25. About 44% of renters couldn’t pay their dues after a pandemic-related income decline.
(Source: Canadian Bankers Association, Bank of Canada)
Deferrals have become a common sight during the pandemic. Almost half of the households that needed to postpone their payments cited COVID-19 related income shortage as the main reason.
Credit card statistics in 2021 show that, as of February, eight Canadian banks had already completed or are in the process of completing more than 482,500 deferral requests. Fortunately, some of the largest banks had more capital entering the COVID-19 crisis than the 2008 global financial crisis.
The Bottom Line
Due to the changing times, have countries turned to safer and more convenient ways of payment. So, using a credit card in Canada will only get more popular. While there are clear advantages to that, such as paying fast and safe, it’s also not without a fair share of pitfalls.

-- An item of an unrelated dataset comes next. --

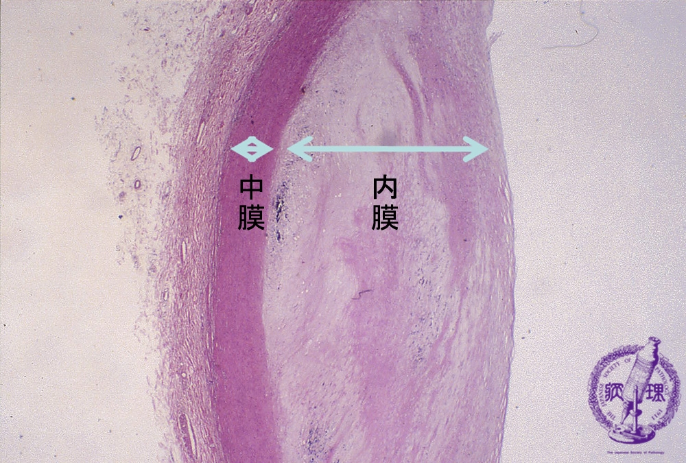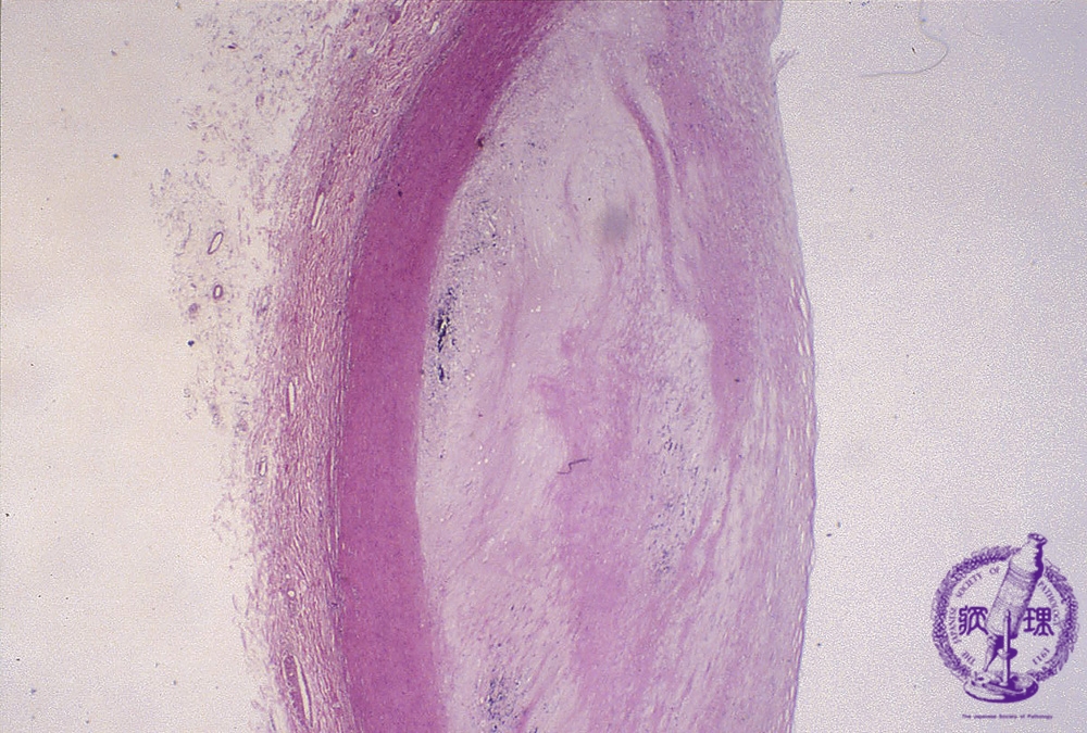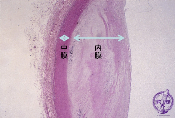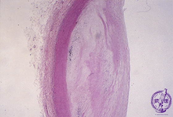 Microscopic image (HE, low power view): There is fibrous thickening of the intimal layer. The tunica is thinned. Atheroma is small or even sometimes absent.

Looking at credit card statistics in Canada gives you a better understanding of a trend that’s here to stay. You can use this to your advantage by avoiding bad spending habits and making better credit card choices.
Canadians’ average debt is at $73,532 per person, pushed mainly by the rising mortgage balances. But credit card balances have decreased by 12.3%. At the start of the pandemic, consumers chose to spend less and focus on clearing their debts.
There’s an approximately 19% average interest rate for credit card debt in Canada. It can even go as high as 29.99%. Still, if you diligently pay off your monthly balance, it won’t be as bad as it sounds. We should also note that credit cards charge interest daily, not monthly. It’s a common misconception that can rack up your debts over time.
When we say prestigious, we’re thinking about the premium and countless benefits that a regular credit card lacks. But prestigious cards are only available for a limited number of people and are usually invite-only. While they’re expensive, the high credit limit makes up for it.
Among all Canadian credit cards, American Express The Centurion is considered the most prestigious. Only the wealthiest AmEx cardholders can take hold of it, and it’s often issued through invitation. According to credit card statistics in Canada, a Centurion cardholder’s annual average income is around $1.3 million, with a net worth of approximately $16 million.